◆ **TASK INPUT**:
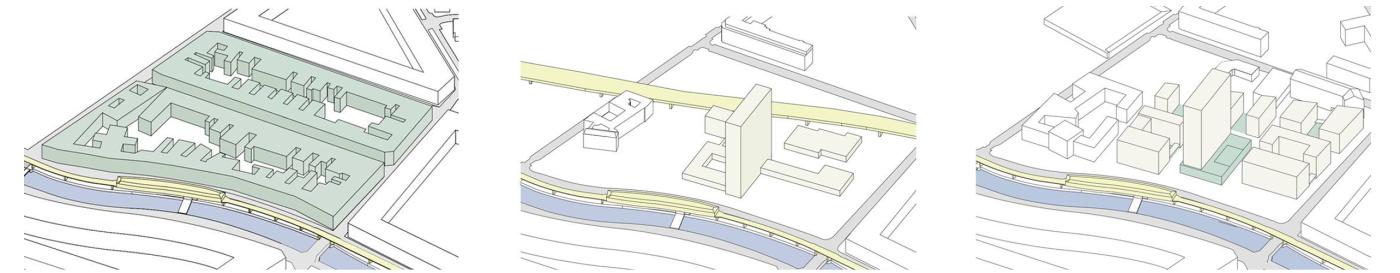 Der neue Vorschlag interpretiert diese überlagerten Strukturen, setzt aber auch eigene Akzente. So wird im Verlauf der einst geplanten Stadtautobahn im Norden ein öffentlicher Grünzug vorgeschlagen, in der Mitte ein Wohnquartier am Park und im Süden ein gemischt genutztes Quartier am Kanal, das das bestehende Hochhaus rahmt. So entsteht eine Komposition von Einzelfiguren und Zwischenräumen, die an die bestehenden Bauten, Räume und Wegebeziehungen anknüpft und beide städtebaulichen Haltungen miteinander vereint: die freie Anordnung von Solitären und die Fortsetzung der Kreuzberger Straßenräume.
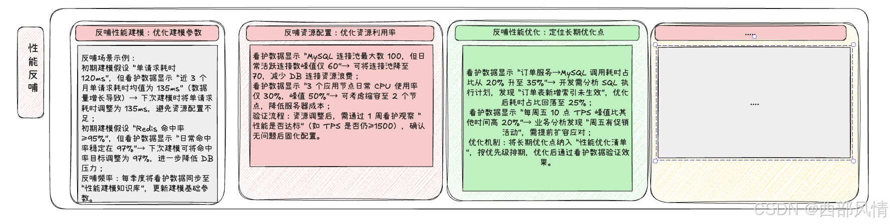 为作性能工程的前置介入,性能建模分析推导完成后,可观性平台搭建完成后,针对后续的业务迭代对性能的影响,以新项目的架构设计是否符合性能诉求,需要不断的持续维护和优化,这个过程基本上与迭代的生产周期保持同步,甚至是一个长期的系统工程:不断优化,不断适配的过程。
==
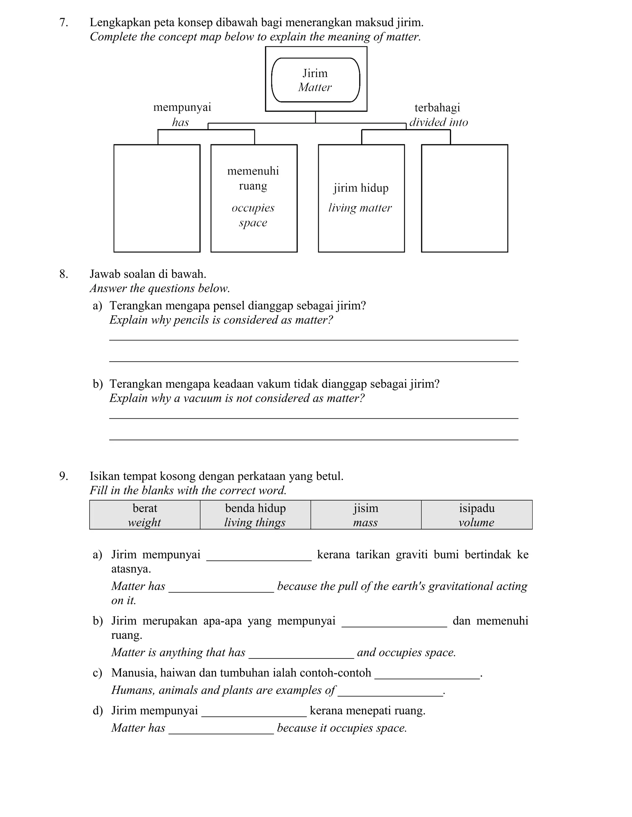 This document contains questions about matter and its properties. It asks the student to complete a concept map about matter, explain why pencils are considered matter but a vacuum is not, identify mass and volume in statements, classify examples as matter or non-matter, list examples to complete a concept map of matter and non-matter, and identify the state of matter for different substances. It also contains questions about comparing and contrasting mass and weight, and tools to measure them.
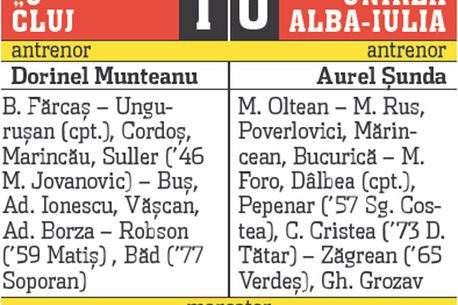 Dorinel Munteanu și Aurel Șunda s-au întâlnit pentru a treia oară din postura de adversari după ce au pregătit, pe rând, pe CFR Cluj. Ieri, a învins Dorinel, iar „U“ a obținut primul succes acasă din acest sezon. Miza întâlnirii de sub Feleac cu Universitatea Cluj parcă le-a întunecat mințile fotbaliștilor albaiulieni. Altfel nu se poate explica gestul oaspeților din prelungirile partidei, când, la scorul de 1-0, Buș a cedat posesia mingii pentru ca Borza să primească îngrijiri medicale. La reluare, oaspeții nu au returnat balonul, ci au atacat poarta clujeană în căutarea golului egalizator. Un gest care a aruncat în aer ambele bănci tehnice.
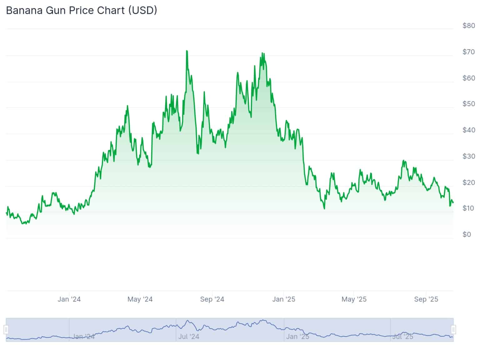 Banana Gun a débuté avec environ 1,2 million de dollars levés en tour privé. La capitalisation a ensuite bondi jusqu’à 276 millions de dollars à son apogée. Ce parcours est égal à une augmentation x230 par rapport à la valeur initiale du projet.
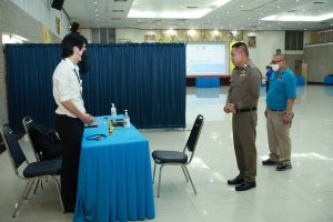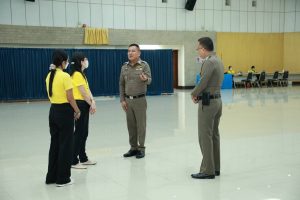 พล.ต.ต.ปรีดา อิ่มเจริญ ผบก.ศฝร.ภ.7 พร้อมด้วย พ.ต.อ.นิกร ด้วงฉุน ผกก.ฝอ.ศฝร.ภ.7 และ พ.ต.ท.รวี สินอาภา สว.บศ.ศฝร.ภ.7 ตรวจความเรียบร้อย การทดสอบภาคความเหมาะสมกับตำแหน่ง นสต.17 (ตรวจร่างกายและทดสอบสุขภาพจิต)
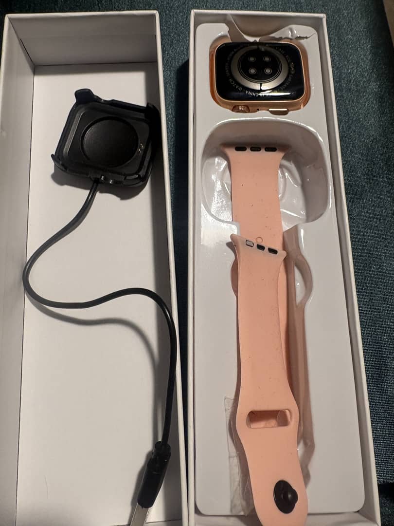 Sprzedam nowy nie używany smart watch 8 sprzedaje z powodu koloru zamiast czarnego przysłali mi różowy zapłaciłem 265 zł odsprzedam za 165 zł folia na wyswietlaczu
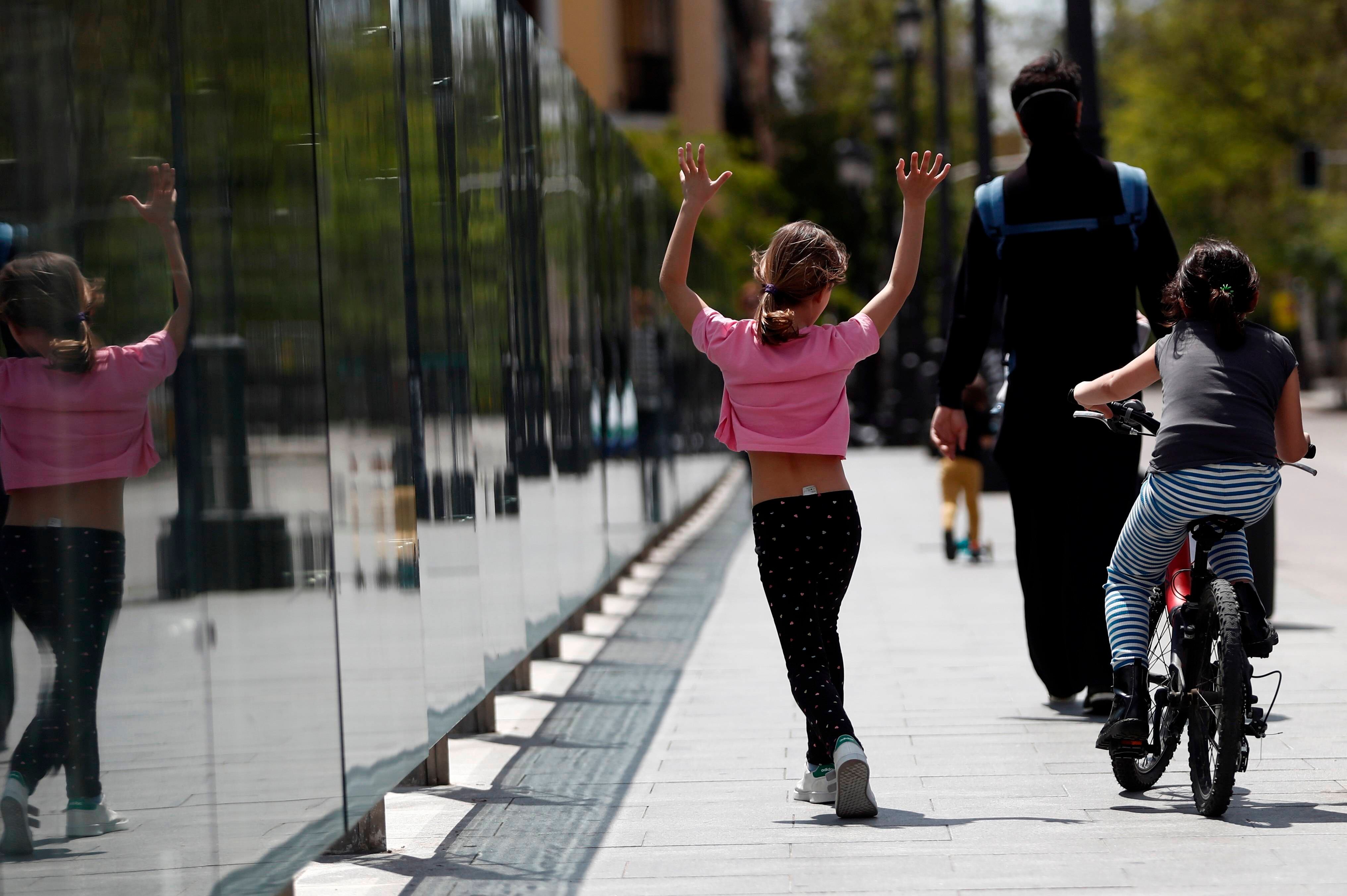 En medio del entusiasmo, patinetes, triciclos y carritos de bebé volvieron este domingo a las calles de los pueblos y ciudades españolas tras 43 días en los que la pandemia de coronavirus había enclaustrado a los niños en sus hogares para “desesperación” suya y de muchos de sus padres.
...
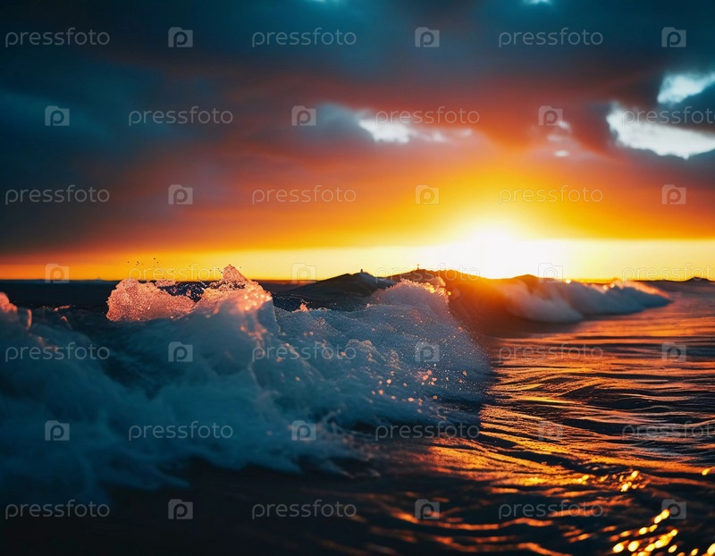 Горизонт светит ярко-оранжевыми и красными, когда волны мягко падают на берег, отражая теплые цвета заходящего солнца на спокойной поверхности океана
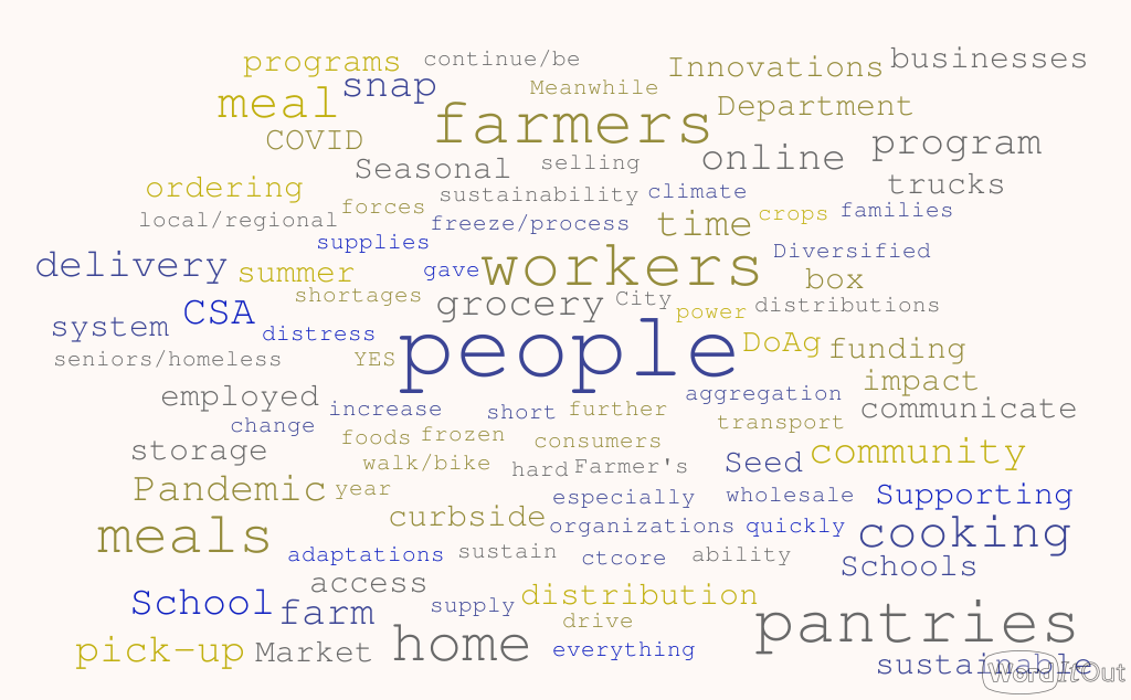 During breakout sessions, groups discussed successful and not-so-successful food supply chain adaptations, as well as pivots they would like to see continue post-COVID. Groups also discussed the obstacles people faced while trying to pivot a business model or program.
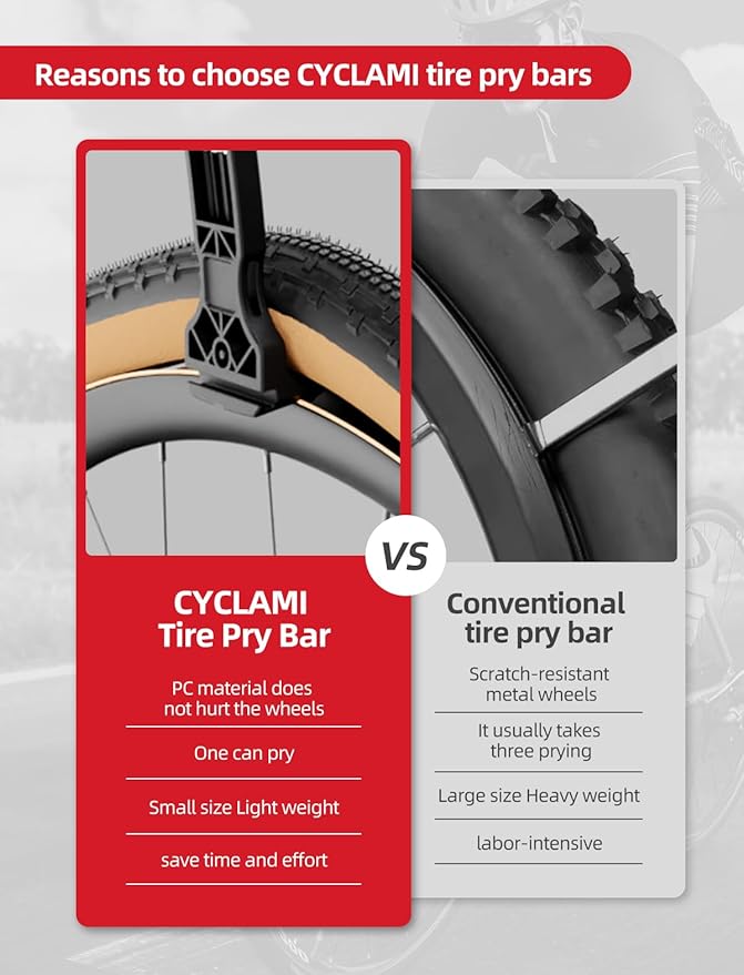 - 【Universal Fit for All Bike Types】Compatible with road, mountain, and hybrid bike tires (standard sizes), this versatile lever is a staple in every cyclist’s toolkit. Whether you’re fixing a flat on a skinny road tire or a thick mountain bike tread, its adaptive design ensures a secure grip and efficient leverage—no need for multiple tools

◆ **ASSIGNED TASK**:
Copy the lines above between the one holding "พล.ต.ต.ปรีดา อิ่มเจริญ ผบก.ศฝร.ภ.7" and the one holding "En medio del", inclusive. Drop the pictures.

◆ **RESULT**:
 พล.ต.ต.ปรีดา อิ่มเจริญ ผบก.ศฝร.ภ.7 พร้อมด้วย พ.ต.อ.นิกร ด้วงฉุน ผกก.ฝอ.ศฝร.ภ.7 และ พ.ต.ท.รวี สินอาภา สว.บศ.ศฝร.ภ.7 ตรวจความเรียบร้อย การทดสอบภาคความเหมาะสมกับตำแหน่ง นสต.17 (ตรวจร่างกายและทดสอบสุขภาพจิต)
 Sprzedam nowy nie używany smart watch 8 sprzedaje z powodu koloru zamiast czarnego przysłali mi różowy zapłaciłem 265 zł odsprzedam za 165 zł folia na wyswietlaczu
 En medio del entusiasmo, patinetes, triciclos y carritos de bebé volvieron este domingo a las calles de los pueblos y ciudades españolas tras 43 días en los que la pandemia de coronavirus había enclaustrado a los niños en sus hogares para “desesperación” suya y de muchos de sus padres.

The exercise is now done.